Oenothera Stubbei, Saltillo Evening Primrose
Rosettes of bright green foliage and contrasting 2 inch yellow flowers adorn this attractive groundcover, which spreads from long, above-ground runners that root where they can touch the soil. Flowers open in the evening, and can last until late morning. Plant in areas where they can be easily viewed and enjoyed while in bloom. This non-invasive species gives a lush oasis effect and requires more supplemental water than other types of evening primroses. Saltillo evening primrose tolerates most exposures, and prefers well drained soils. During the cold winter months, the foliage will turn a deep red color, and tolerates the cool season well.

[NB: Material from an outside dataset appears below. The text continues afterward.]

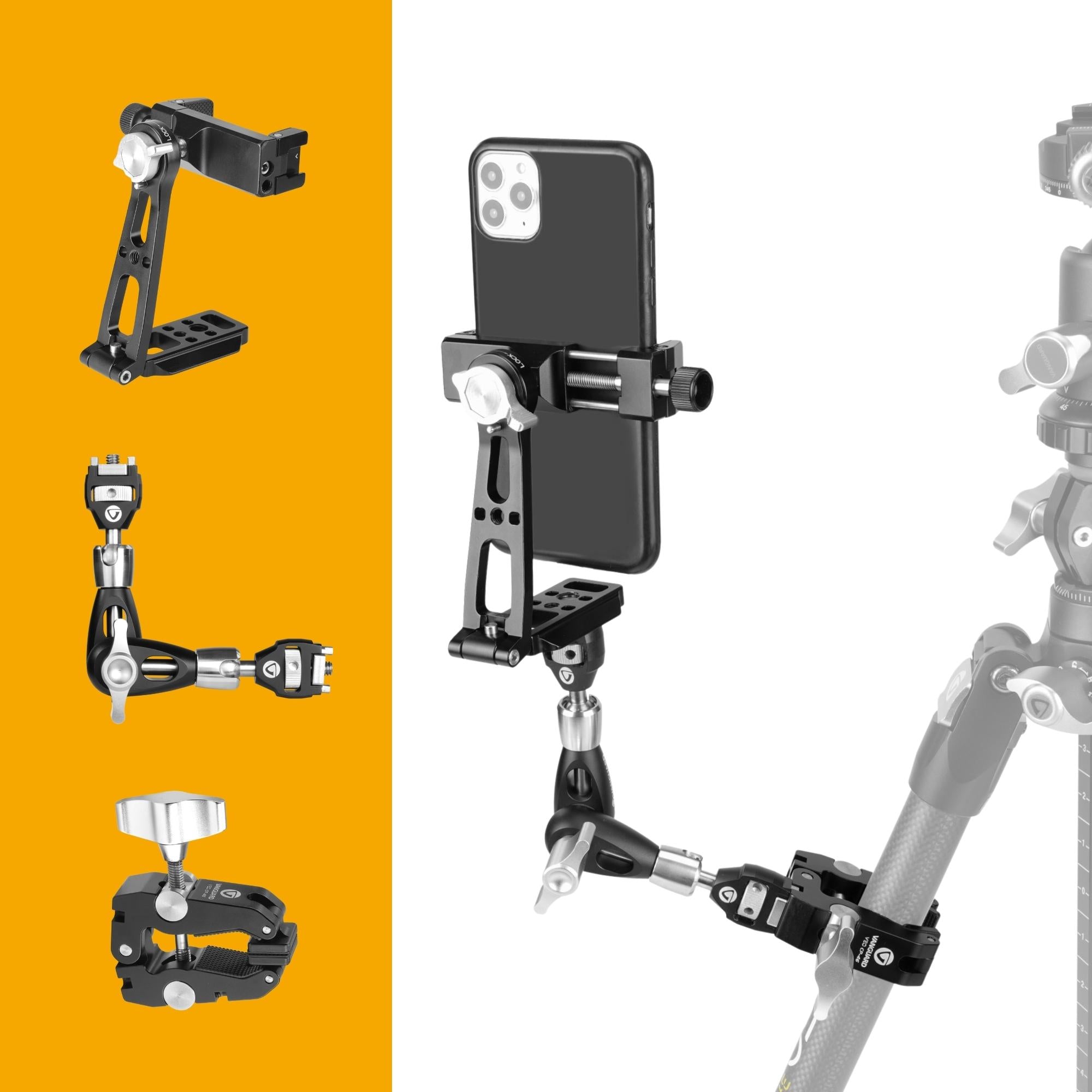 The VEO CP-46 Smartphone Kit brings together a range of complementary CNC machined solid aluminium accessories to form a versatile kit for photographers or smartphonographers, including the VEO CP-46 Clamp, the VEO TSA DLX M Tripod Support Arm and the VEO SPH Smartphone Holder.

Did you know that up to 70% of water use is outdoors? That’s why we love desert plants and feature them each month. It’s still a great time to plant, and you can learn more about the Evening Primrose and other plants on our Arizona Low-Water-Use Plants page. Visit our page on Choosing and Planting Low Water-Use Plants for tips on plant selection and how to plant properly.

This feature is based on a concept and text originally developed jointly by the Arizona Nursery Association and the Arizona Municipal Water Users Association (AMWUA) with partial funding from the Arizona Department of Water Resources. Learn more about these and other great desert plants at the Arizona Municipal Water Users Association Landscape Plants for the Arizona Desert plant database.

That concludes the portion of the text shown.